[WORK ORDER]
Copy word for word the lines in the records below, starting at the line with "四家合註入門段落 | 第1冊" and ending at the line with "8月28日,在巴拿馬首都巴拿". Skip the pictures.

[MATERIAL PROVIDED]
== Segment start ==
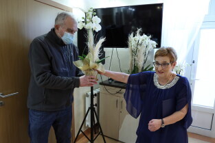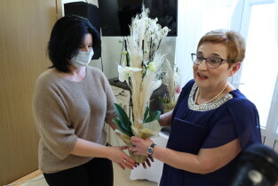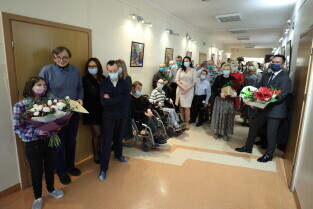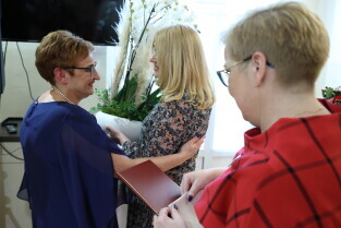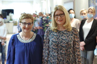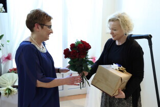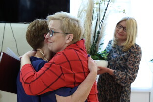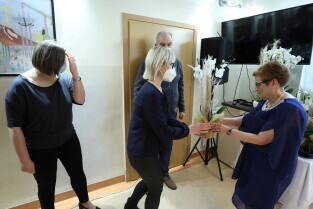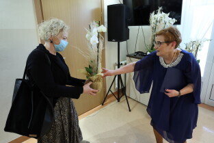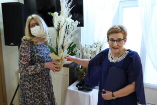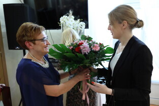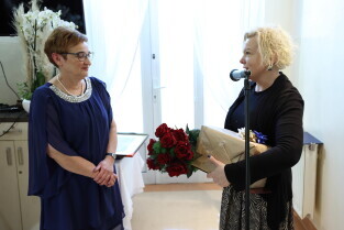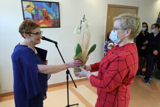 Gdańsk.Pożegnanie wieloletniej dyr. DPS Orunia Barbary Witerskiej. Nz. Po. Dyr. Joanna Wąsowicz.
== Segment end ==
== Segment start ==
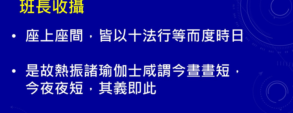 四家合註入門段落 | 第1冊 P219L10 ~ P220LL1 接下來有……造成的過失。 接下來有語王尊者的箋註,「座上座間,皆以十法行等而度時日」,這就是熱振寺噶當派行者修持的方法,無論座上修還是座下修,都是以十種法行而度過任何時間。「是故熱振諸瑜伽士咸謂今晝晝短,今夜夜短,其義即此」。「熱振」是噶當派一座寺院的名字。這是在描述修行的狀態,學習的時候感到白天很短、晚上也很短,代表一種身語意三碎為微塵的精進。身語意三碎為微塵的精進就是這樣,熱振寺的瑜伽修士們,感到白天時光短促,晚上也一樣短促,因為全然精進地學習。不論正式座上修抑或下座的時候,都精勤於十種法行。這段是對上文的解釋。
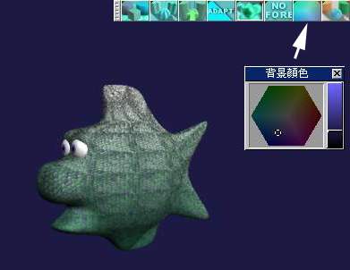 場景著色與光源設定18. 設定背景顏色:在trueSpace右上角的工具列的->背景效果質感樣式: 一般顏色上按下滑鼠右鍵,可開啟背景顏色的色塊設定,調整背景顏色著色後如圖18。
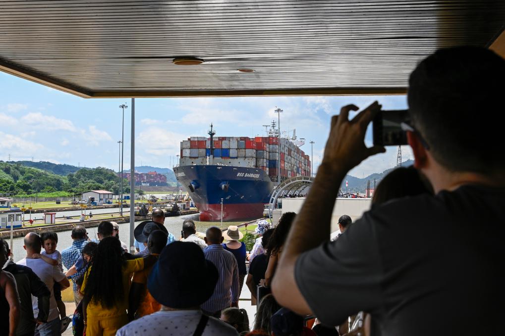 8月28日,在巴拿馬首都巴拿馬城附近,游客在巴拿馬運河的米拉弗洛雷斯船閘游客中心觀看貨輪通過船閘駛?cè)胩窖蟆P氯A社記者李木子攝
== Segment end ==
[OUTPUT BELOW]
 四家合註入門段落 | 第1冊 P219L10 ~ P220LL1 接下來有……造成的過失。 接下來有語王尊者的箋註,「座上座間,皆以十法行等而度時日」,這就是熱振寺噶當派行者修持的方法,無論座上修還是座下修,都是以十種法行而度過任何時間。「是故熱振諸瑜伽士咸謂今晝晝短,今夜夜短,其義即此」。「熱振」是噶當派一座寺院的名字。這是在描述修行的狀態,學習的時候感到白天很短、晚上也很短,代表一種身語意三碎為微塵的精進。身語意三碎為微塵的精進就是這樣,熱振寺的瑜伽修士們,感到白天時光短促,晚上也一樣短促,因為全然精進地學習。不論正式座上修抑或下座的時候,都精勤於十種法行。這段是對上文的解釋。
 場景著色與光源設定18. 設定背景顏色:在trueSpace右上角的工具列的->背景效果質感樣式: 一般顏色上按下滑鼠右鍵,可開啟背景顏色的色塊設定,調整背景顏色著色後如圖18。
 8月28日,在巴拿馬首都巴拿馬城附近,游客在巴拿馬運河的米拉弗洛雷斯船閘游客中心觀看貨輪通過船閘駛?cè)胩窖蟆P氯A社記者李木子攝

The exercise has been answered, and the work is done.